# Scroll Sawing a Hawk in Ash



## drcollins804 (Jan 11, 2008)

I thought I would try a step by step for scrolling a hawk.








First layout your pattern on the wood you have selected.
This allows you to verify that the pattern will fit and lets you
determine how to position the pattern.








next apply your adhesive to the back of the pattern and place on the 
board where you tested the fit.
You can now cut the pattern out of the board with your band saw or
your jigsaw leaving some material all the way around the pattern.
I had a couple of pictures that didn't focus correctly so I dont have a photo of the cutout until I am drilling the holes for the scroll saw blade to go through the wood for the interior cuts.








I apologize for the focus of this picture but this is drilling the relief holes.
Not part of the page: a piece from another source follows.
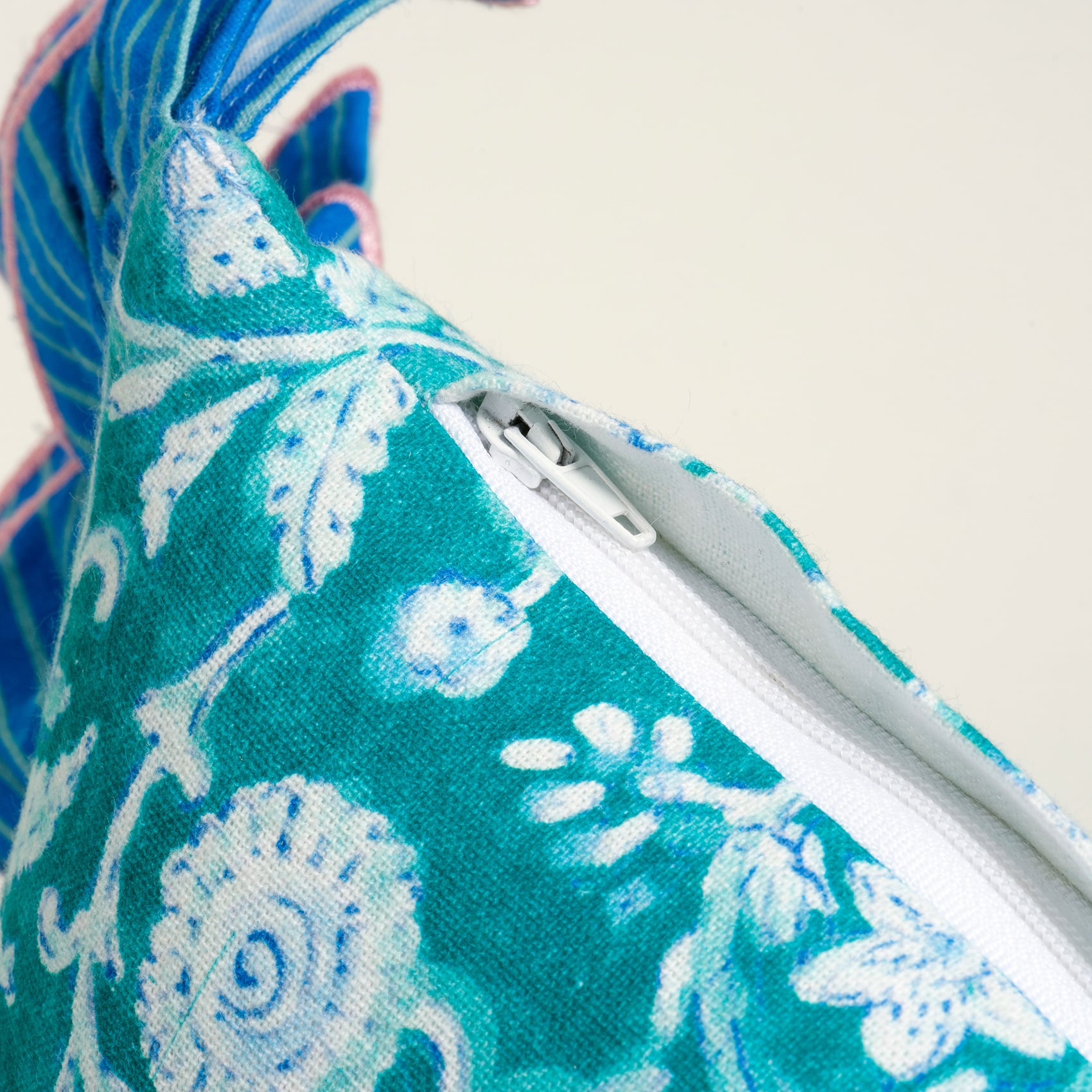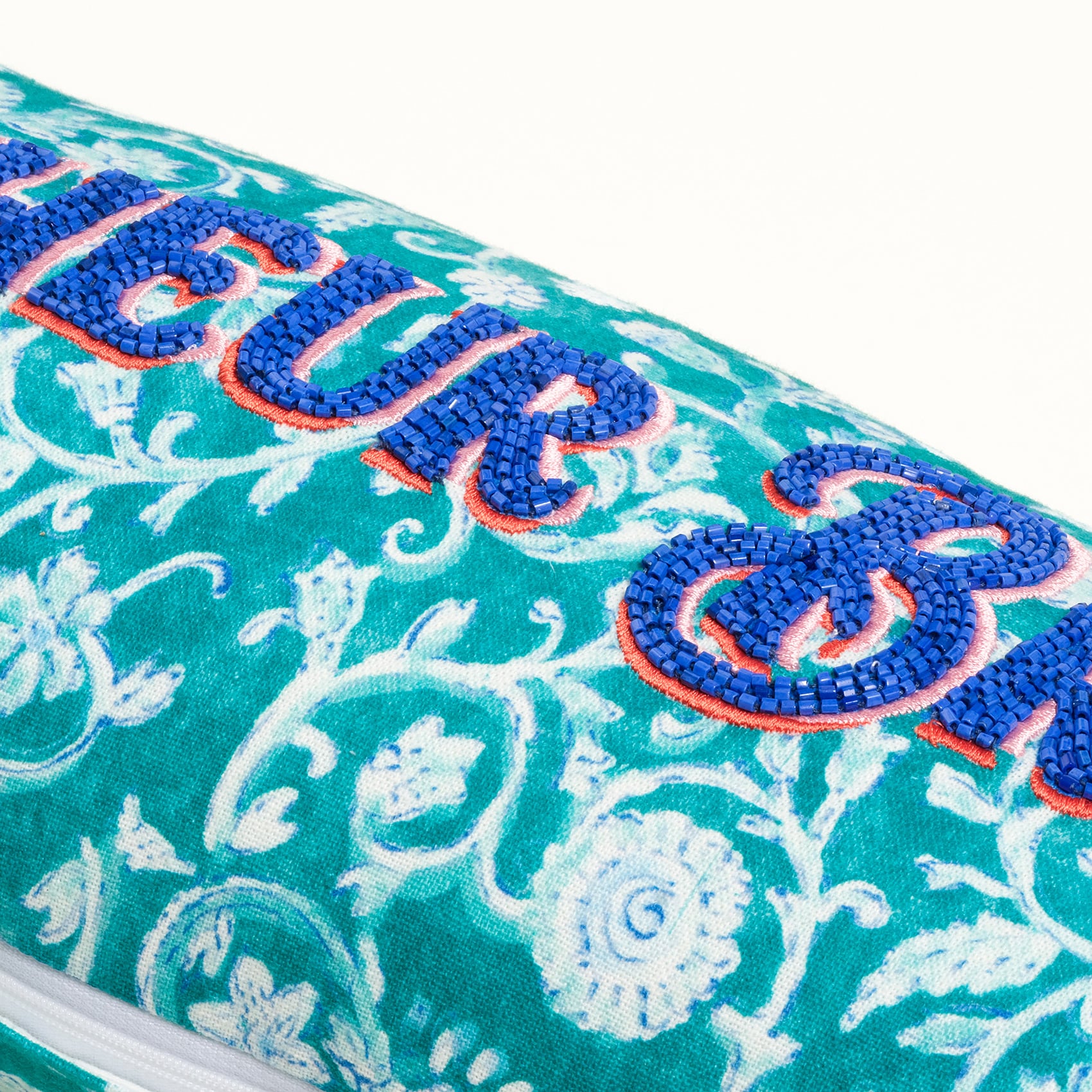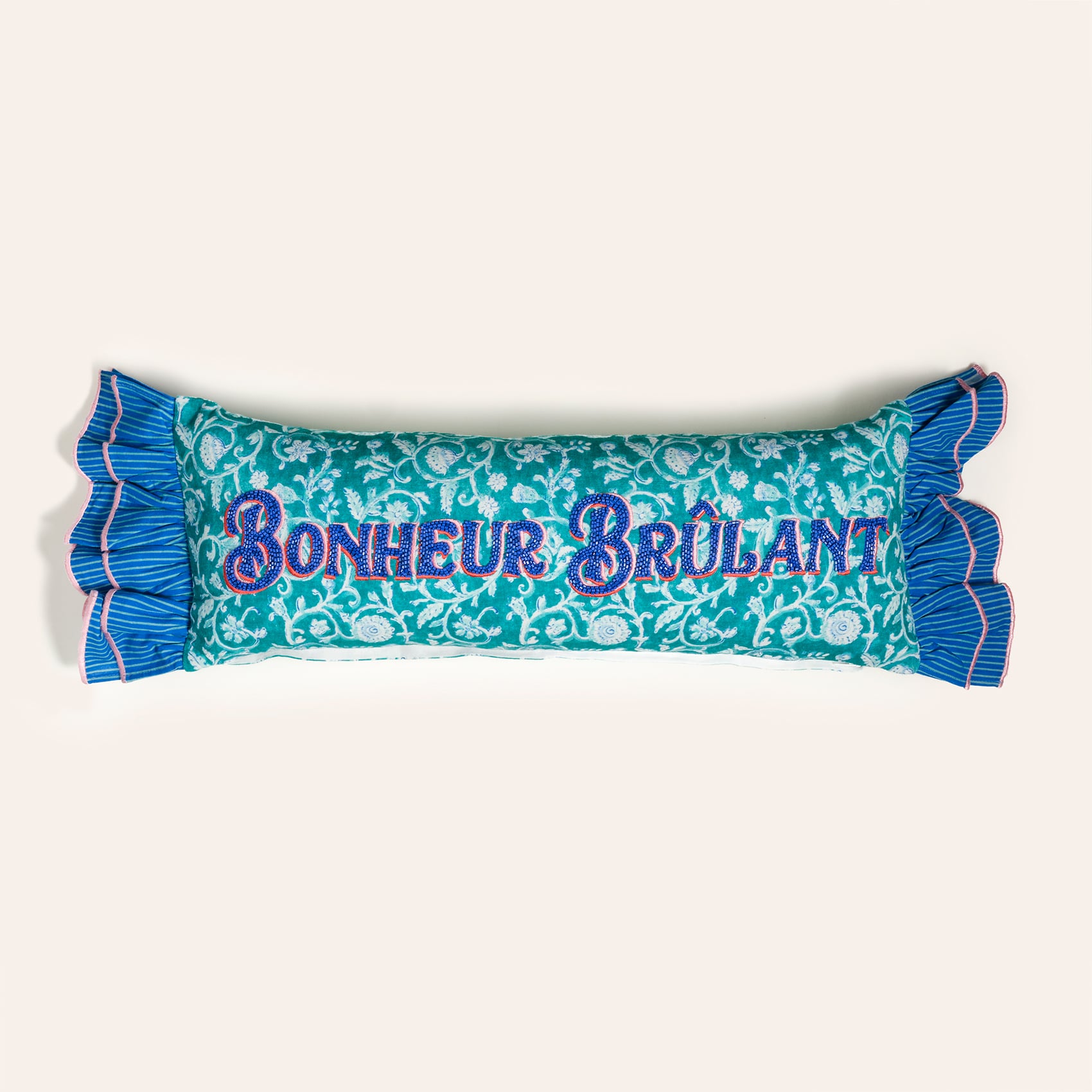 Zsa Zsa Zsu tasarımcılarının hayal dünyasında doğdu, Hindistan’da yaşayan artizanların ellerinde hayat buldu. “Bonheur Brûlant” nakışıyla kalbinden geçen her şeyi açıkça söyleyen bu kırlent, kendine has bir karaktere sahip: neşeli, gösterişli ve tam bir duygusal stilist. 20x55 cm ölçüsündeki bu göz alıcı tasarım, stilize mavi fırfırları, çiçek desenleri ve çarpıcı yeşil tonlarıyla evde baş köşeye kurulmak için sabırsızlanıyor. Dış yüzeyi %100 pamuk, iç dolgusu yumuşacık ve konforlu. Yavaş üretimin değerini taşıyan bu tatlı diva, Heritage koleksiyonunun kültürel çeşitliliğe açık ve duygularla bezeli dünyasından ilham alıyor.

This is the cutout image with holes drilled for scrolling.


----------



## drcollins804 (Jan 11, 2008)

The first picture is during the scrolling. As you get a little tear out I will stop and hit the back with an orbital sander occasionally to eliminate the drag that this causes on the table. This view shows the drilled holes clearly.
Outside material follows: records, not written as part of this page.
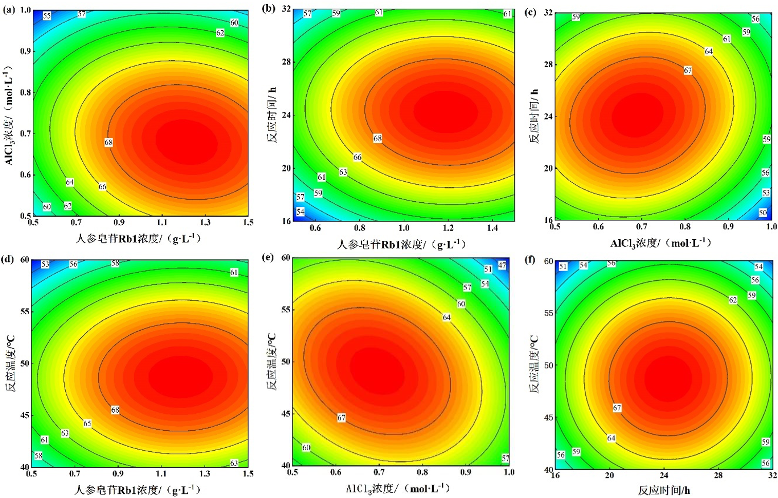 在绿色化学催化工艺开发与过程优化方面,课题组针对稀有人参皂苷转化过程中存在的反应条件苛刻及效率受限等问题,构建了基于金属离子催化的高效转化体系。通过筛选低成本金属离子Al3+催化剂并引入绿色溶剂体系,结合单因素实验与响应面优化方法,系统调控关键反应参数,建立了温和条件下的定向转化工艺。该研究从反应路径调控与催化机制层面入手,提升了目标产物生成的选择性与过程可控性,同时兼顾环境友好性与工业可行性,为稀有人参皂苷Rg5的规模化绿色制造提供了新思路。研究成果以“AlCl3催化制备稀有人参皂苷Rg5的工艺优化”为题发表于国内CSCD期刊《应用化工》,化学与工程技术专业2022级研究生高一平为第一作者,曹翠老师和孙先锋老师为共同通讯作者,海角网 为通讯单位。
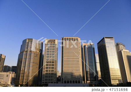 日本の東京都市景観 夕陽に映える品川のオフィスビル群を望む
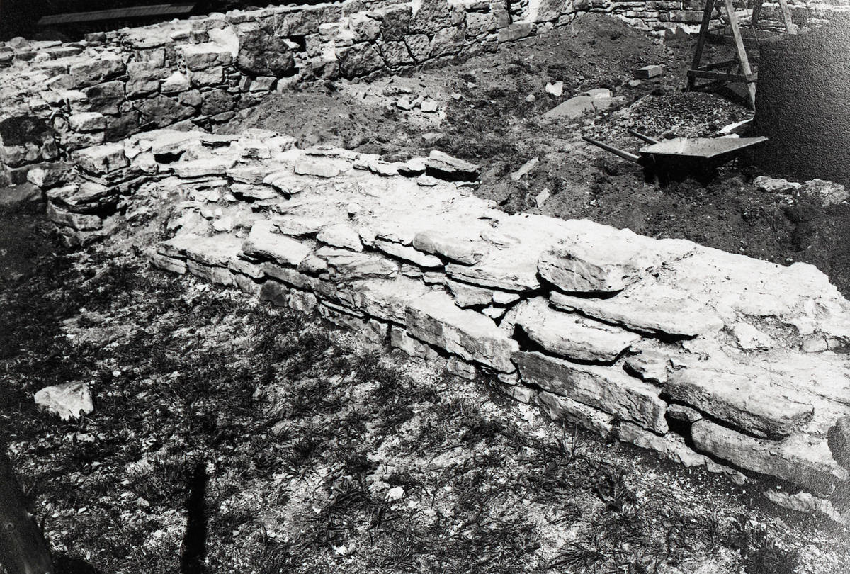 Västra korsgången. Östmuren. Murens mellanparti från sydväst snett uppifrån.

I would normally cut all the interior areas before starting on the outside of the pattern but due to a problem where I spliced the pattern I went ahead and cut the top portion before I finished the interior cuts. Checking the back occasionally gives a good idea of the way the image will look when finished.








Making some of the final interior cuts.








All the interior cuts are done and you can get a good idea of the image on the other side.


----------



## drcollins804 (Jan 11, 2008)

I am starting the exterior cuts here. 








The cutting is all done but now to the sanders.
















I use a 1 inch belt sander to touch up the profile. on long arc's and curves. then an 8 inch disc and a 4 inch belt sander to touch up the base. all my final sanding is done either with 220 or 320 grit on my sanders.


----------



## drcollins804 (Jan 11, 2008)

Next is the removal of the pattern from the wood. This requires a sharp tool and taking your time to not damage your wood.








Just a little bit left. Don't get in a hurry.








Now we want to take our forstner bit and drill our relief hole for our clock works to be installed.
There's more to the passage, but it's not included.